C. Mr. Martin's maximum height off the board can be found using the same height equation. The maximum height occurs when the vertical velocity becomes 0 (at the peak of the motion). So we set v = 0 and solve for h:
v = v0 + at
0 = 20 + (-9.8)t
Solving for t, we get:
t = 20/9.8
= 2.04 seconds (time taken to reach maximum height)
Now, we can substitute this time value into the height equation:
h = 5 + 20(2.04) + (1/2)(-9.8)(2.04)^2
= 5 + 40.8 - 20.103
= 25.697 meters (maximum height off the board)

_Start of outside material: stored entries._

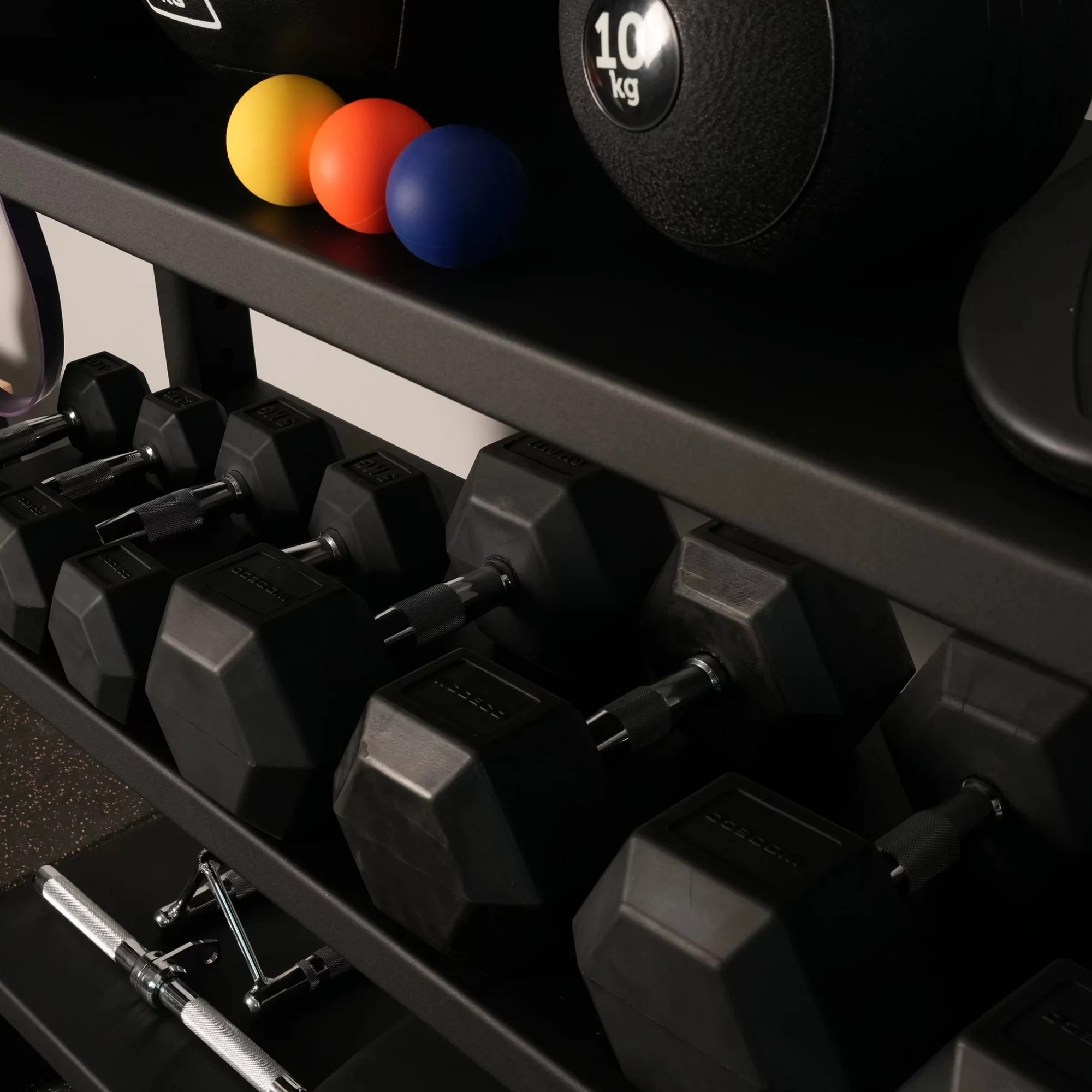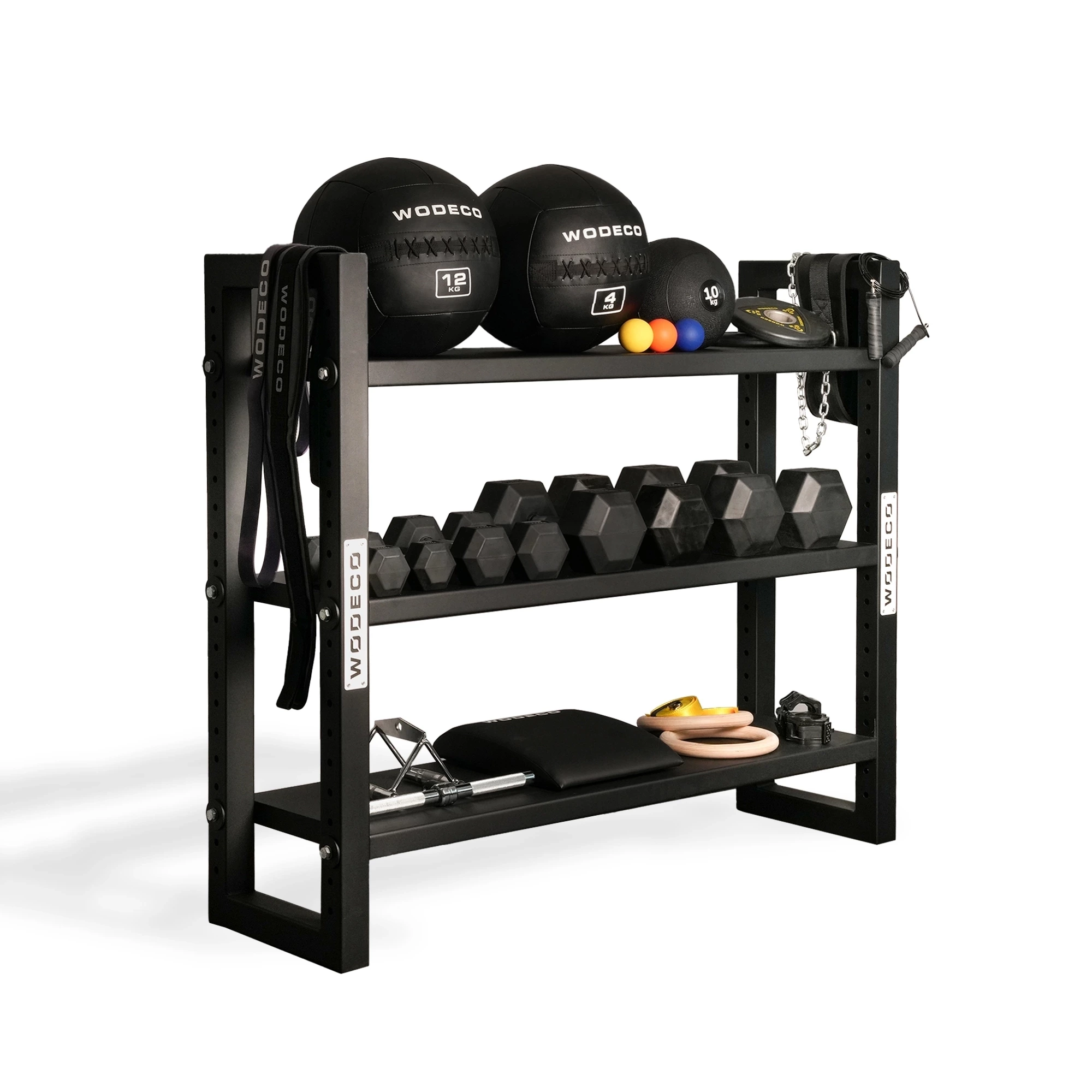 Depolama raflarınızın katlarını ihtiyacınıza göre kullanabilirsiniz. Her üç katı Kettlebell, Wall Ball veya Dumbbell rafı olarak kullanabileceğiniz gibi, katlar farklı ürünlerin depolanması için de kullanılabilir.
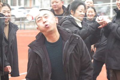 員工們根據(jù)自己的抽簽參加蜈蚣賽跑、拔河、貪吃蛇游戲、吹紙杯等比賽,參賽員工個個熱情高漲。
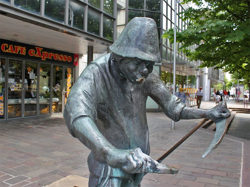 - Sinsheim – Am Karlsplatz. Brunnen und Plastiken „Sinsheimer Wetzstoispucker” (1989) aus Bronze von Renate Jung.
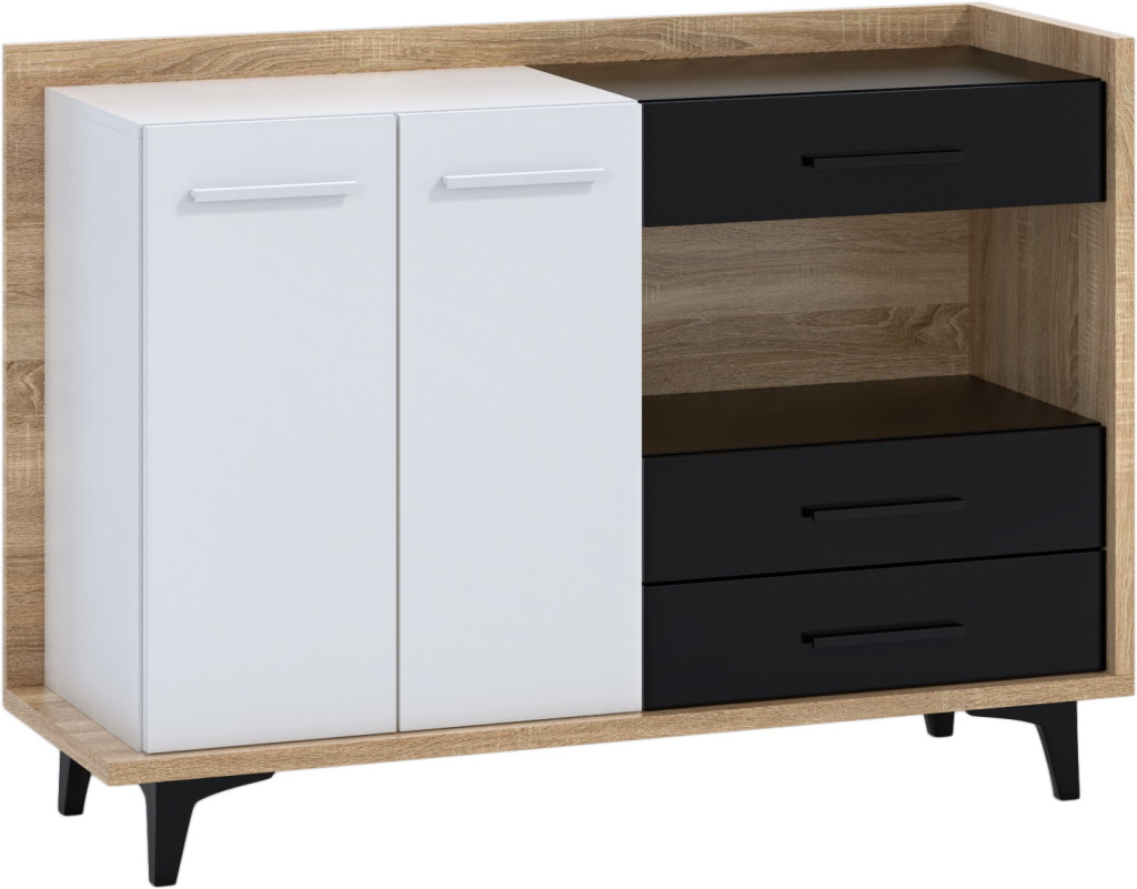 Box komód 2 ajtó 3 fiók - Világos Sonoma tölgy - Fehér - Fekete
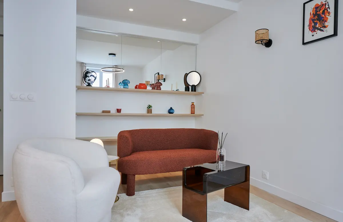 Tout en respectant les codes haussmanniens, nous avons réchauffé l'espace avec des textiles bouclettes et un fauteuil terracotta audacieux.
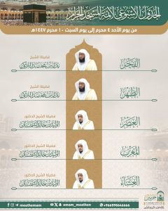 أوضحت رئاسة الشؤون الدينية بالمسجد الحرام والمسجد النبوي عن جدول الأئمة المكلفين بإمامة الصلوات للفترة من يوم غد الأحد 4 محرم حتى يوم السبت القادم 10 محرم 1447هـ، وذلك في إطار تنظيم شؤون الإمامة وتوفير أجواء روحانية تامة للمصلين والزوار.
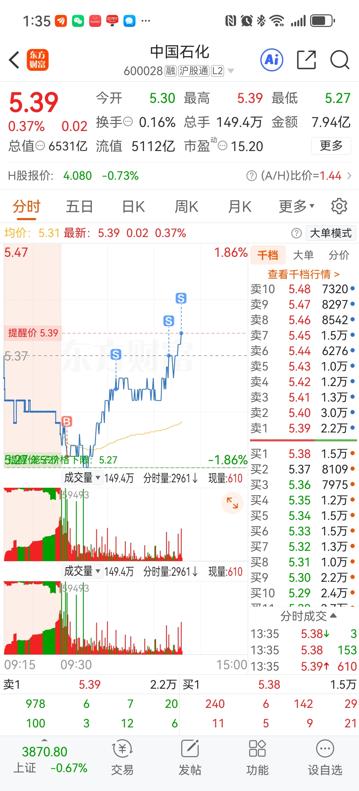 $中国石化(SH600028)$ 你也终于让我做了一次T!
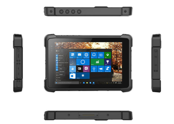 we use Corning Gorilla tempered glass touch panel and double injection mould housing to make it MIL-STD-810G standard and shockproof and sealed completely to make it waterproof,option modules NFC reader,barcode scanner,with 2.0M front camera and back 5.0M,6000mah big battery to make it work for whole day,Quad core Intel CPU and Windows 10 OS hand strap to free hands,Docking station for better charging and vehicle mount for fleet management,Now our customers they mainly use the devices in fleet management and install customization apps for special use
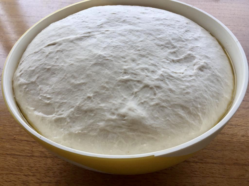 İçine 2 yemek kaşığı zeytinyağı ilave edilmiş derince kabın içine hamur koyulur ve üzeri streçle kapatılır.
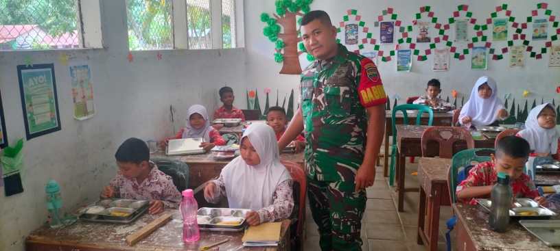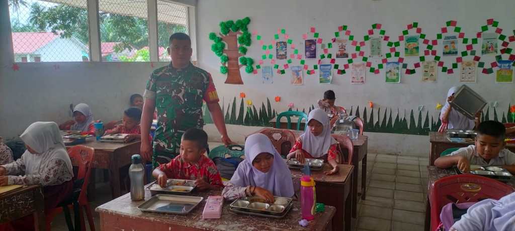 Labuhanbatu Utara , kodim0209labuhanbatu — Dalam rangka mendukung program nasional peningkatan gizi anak sekolah, Babinsa Koramil 07/AKB Kodim 0209/Labuhanbatu Serma Endi Espana melaksanakan monitoring pelaksanaan Program Makan Bergizi Gratis (MBG) di SD Negeri 112321 Desa Kampung Pajak, Kecamatan NA IX-X, Kabupaten Labuhanbatu Utara, Rabu (12/11/2025).
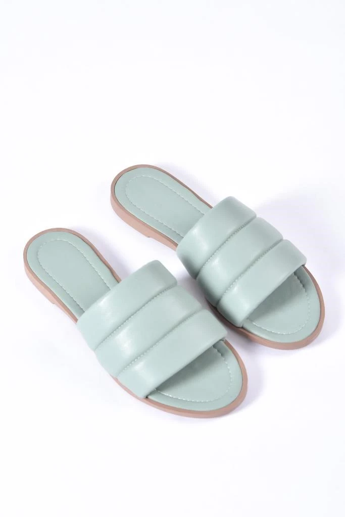 Needion - Bayan Mint Dikiş Detaylı Düz Terlik MİNT 36
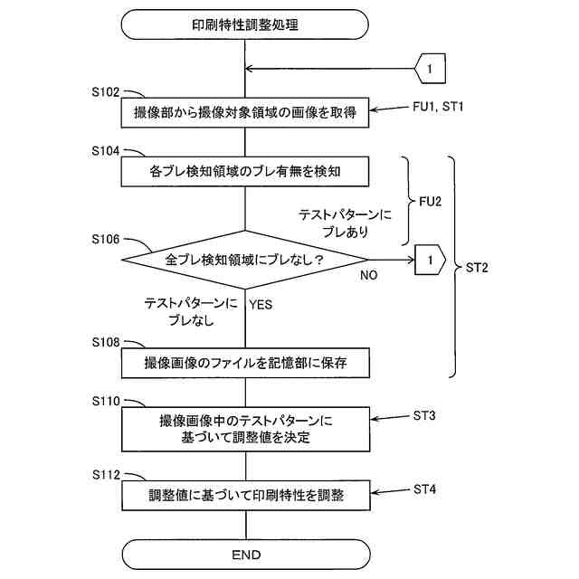 また、本発明のプログラムは、記録ヘッドを備える印刷装置の印刷特性を調整するためのテストパターンを有する媒体を撮像する撮像部から取得される画像に含まれる前記テストパターンのブレを判定するためのプログラムであって、

D. Mr. Martin's maximum velocity when he hits the water can be found using the equation of motion for velocity (v). At the point of impact, the height will be 0, so we can use this information to find the velocity:
v = v0 + at
0 = 20 + (-9.8)t
Solving for t, we get the same value as before: t ≈ 4.303 seconds.
Now we can substitute this time value into the velocity equation:
v = 20 + (-9.8)(4.303)
≈ -17.99 m/s (negative sign indicates downward direction)
Therefore, Mr. Martin's maximum velocity when he hits the water is approximately 17.99 m/s downward (towards the water).
E. To find Mr. Martin's velocity when he reaches half of his maximum height, we need to determine the corresponding time. Half of the maximum height would be h/2 = 25.697/2 ≈ 12.8485 meters.
Setting h = 12.8485 meters in the height equation:
12.8485 = 5 + 20t + (1/2)(-9.8)t^2
Rearranging and solving the equation, we find two solutions for t: t ≈ 0.645 seconds and t ≈ 3.395 seconds.
The time taken to reach half of the maximum height is approximately 0.645 seconds.
Now we can calculate Mr. Martin's velocity at this time using the velocity equation:
v = v0 + at
v = 20 + (-9.8)(0.645)
≈ 13.04 m/s (upward)
So, Mr. Martin's velocity when he reaches half of his maximum height is approximately 13.04 m/s (upward).